The temperature of hybrid nanofluid depicts a decreasing behavior for Gr while a conflicting trend is seen for R. This trend of temperature increase of the fluid will be helpful in the removal of a cancer tumor and abnormal cells without affecting healthy parts within the body during an endoscopy.

❖

The behavior of the pressure rise for different parameters show that the pressure rise declines in the co-pumping region whereas it is enhanced in the pumping and free-pumping regions. Pumping rate increases for increment in radius ratio parameter which is favorable for accurate endoscopic imaging.

❖

The pressure gradient decreases throughout the length of the endoscope close to the ciliated peristaltic tube for r₂ = 1.

❖

Numerical values of velocity and temperature against embedding parameters explore a similar behavior as noticed in graphs. Flow profiles towards variation in radial distance are examined which satisfy the conditions of the problem.

❖

The presence of cilia shows a dominant effect on the behavior of the flow variables.
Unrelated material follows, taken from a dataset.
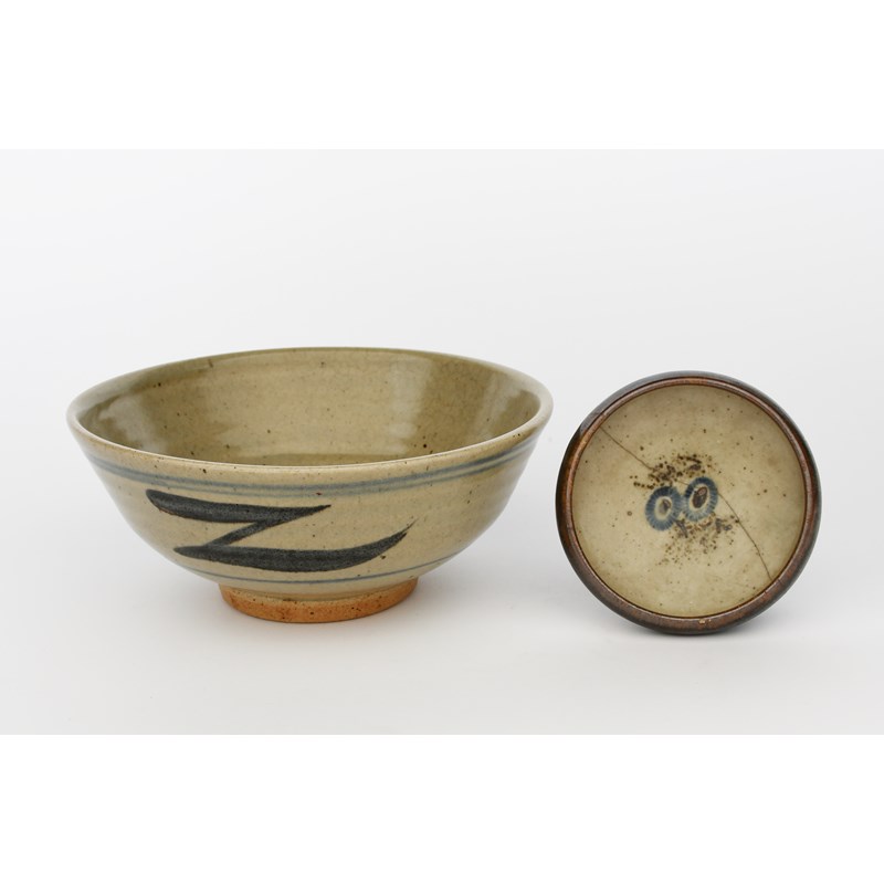 a Leach Pottery shallow bowl, painted to the interior with two flowers in blue and tenmoku on an oatmeal ground, and a larger Leach Pottery bowl painted with Z brush stroke motif, painted BL to small bowl, repaired, 12cm. diam. (2)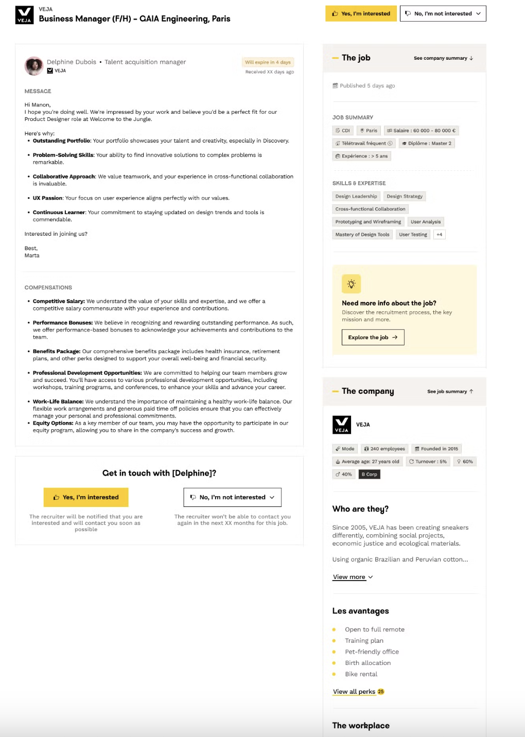 This message serves as your first point of contact with your talent: you will have the opportunity to present the position, explain what caught your attention in the talent's profile, and discuss the compensation and benefits offered by your company.

In most cases, the sensitive interior surface of organs may be protected due to cilia as they assist velocity near the peristaltic tube.

❖

The peristaltic flow pattern due to ciliary activity for different parameters is displayed via streamline configuration and a reduction in the size of the trapped bolus is observed towards R, M and Gr but conversely enlarges for ε.

❖

The present work appears to be the first attempt in the literature dealing with the effects of electromagnetic induction on peristaltic transport and the heat transfer of non-Newtonian hybrid nanofluid through a ciliated tube inserted by an endoscope. Additional developments and characteristics of the problem can be examined.

❖

Results for Newtonian nanofluid [50] can be obtained in a limiting case.